Records provided:
━━━━━━━━━━━━━━━━━━━━━━━━━━━━━━
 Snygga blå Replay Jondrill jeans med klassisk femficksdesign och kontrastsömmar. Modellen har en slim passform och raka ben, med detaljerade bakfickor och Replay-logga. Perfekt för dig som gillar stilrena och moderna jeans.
━━━━━━━━━━━━━━━━━━━━━━━━━━━━━━
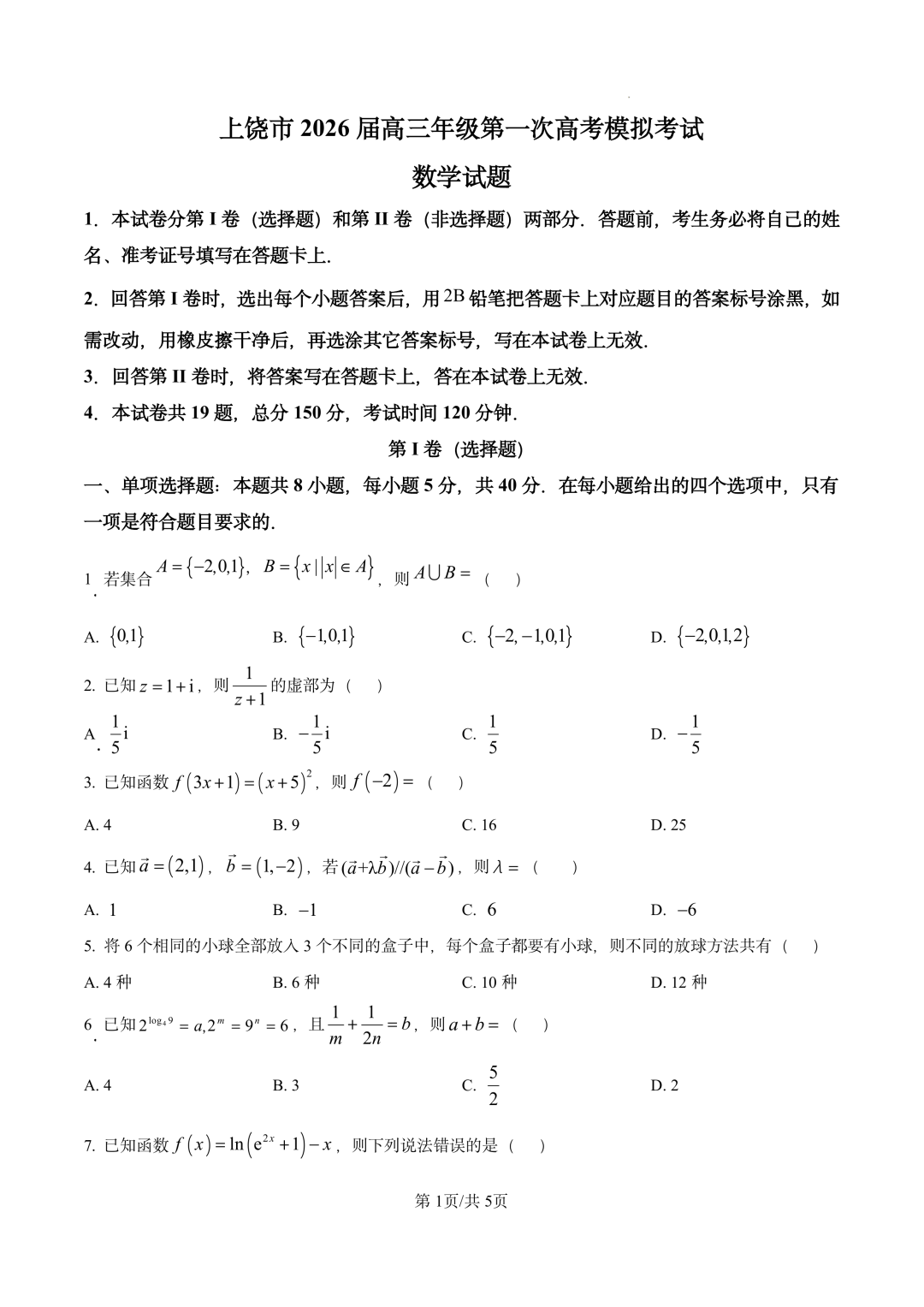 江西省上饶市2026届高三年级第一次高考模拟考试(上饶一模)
━━━━━━━━━━━━━━━━━━━━━━━━━━━━━━
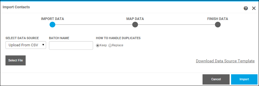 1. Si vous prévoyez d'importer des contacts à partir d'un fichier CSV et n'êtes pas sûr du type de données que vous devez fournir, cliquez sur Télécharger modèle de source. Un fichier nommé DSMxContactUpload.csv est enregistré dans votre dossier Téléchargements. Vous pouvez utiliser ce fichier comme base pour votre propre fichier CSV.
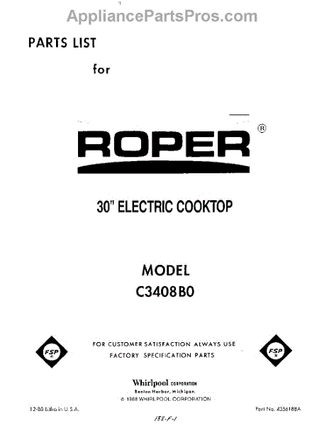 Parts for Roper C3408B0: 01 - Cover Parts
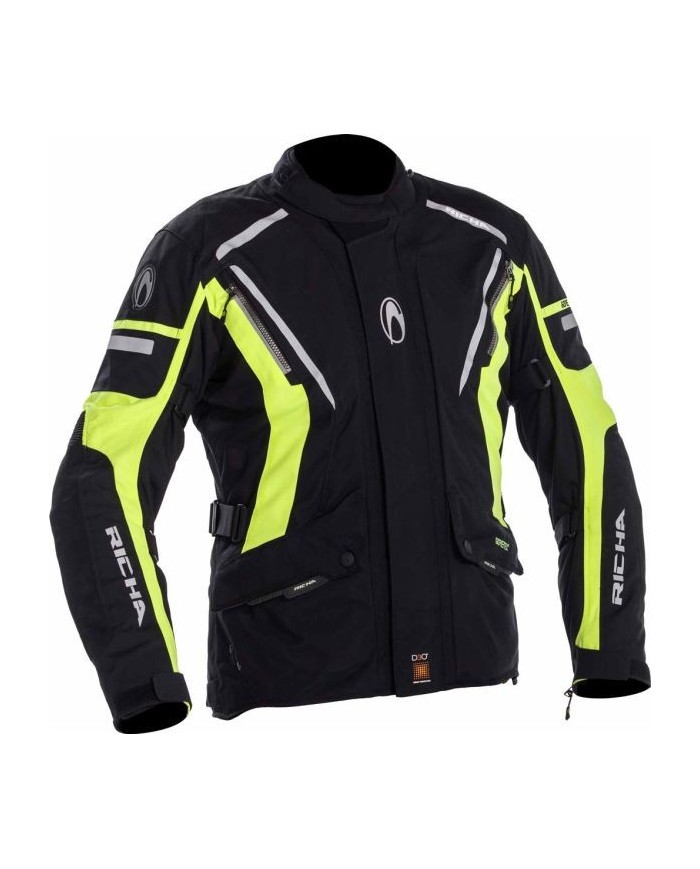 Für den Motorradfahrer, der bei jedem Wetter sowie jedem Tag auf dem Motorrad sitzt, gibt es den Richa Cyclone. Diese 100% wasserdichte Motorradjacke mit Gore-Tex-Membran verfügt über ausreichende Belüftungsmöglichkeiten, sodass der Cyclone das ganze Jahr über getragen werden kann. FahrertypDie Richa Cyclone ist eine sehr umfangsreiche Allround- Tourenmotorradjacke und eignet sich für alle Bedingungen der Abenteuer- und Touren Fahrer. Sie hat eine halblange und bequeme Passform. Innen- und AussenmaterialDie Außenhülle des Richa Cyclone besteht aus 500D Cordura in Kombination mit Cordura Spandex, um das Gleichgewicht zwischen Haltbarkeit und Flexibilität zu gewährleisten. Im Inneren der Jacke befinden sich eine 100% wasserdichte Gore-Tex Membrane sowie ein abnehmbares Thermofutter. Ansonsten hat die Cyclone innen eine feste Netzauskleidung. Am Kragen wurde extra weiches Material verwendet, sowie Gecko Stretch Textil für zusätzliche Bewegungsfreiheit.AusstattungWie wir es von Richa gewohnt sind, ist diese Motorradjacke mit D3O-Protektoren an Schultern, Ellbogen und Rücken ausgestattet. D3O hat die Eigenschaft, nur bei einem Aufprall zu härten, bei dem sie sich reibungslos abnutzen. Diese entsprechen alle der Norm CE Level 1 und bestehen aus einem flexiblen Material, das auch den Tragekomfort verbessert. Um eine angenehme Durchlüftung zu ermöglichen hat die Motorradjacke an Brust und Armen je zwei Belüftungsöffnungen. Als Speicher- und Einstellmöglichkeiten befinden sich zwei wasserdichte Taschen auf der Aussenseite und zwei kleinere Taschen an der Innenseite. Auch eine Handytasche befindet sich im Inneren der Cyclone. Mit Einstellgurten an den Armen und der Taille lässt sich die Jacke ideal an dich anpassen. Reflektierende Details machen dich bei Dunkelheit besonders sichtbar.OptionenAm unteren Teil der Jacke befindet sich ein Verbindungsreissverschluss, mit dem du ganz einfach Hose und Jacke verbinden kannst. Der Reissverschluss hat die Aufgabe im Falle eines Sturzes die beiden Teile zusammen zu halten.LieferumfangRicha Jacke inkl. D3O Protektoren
━━━━━━━━━━━━━━━━━━━━━━━━━━━━━━
Your goal: Beginning with the line above that has "1. Si vous prévoyez" and going on through the line that has "Parts for Roper C3408B0: 01 - Cover Parts", retype every line exactly and add nothing else; drop the pictures.

Written response:
 1. Si vous prévoyez d'importer des contacts à partir d'un fichier CSV et n'êtes pas sûr du type de données que vous devez fournir, cliquez sur Télécharger modèle de source. Un fichier nommé DSMxContactUpload.csv est enregistré dans votre dossier Téléchargements. Vous pouvez utiliser ce fichier comme base pour votre propre fichier CSV.
 Parts for Roper C3408B0: 01 - Cover Parts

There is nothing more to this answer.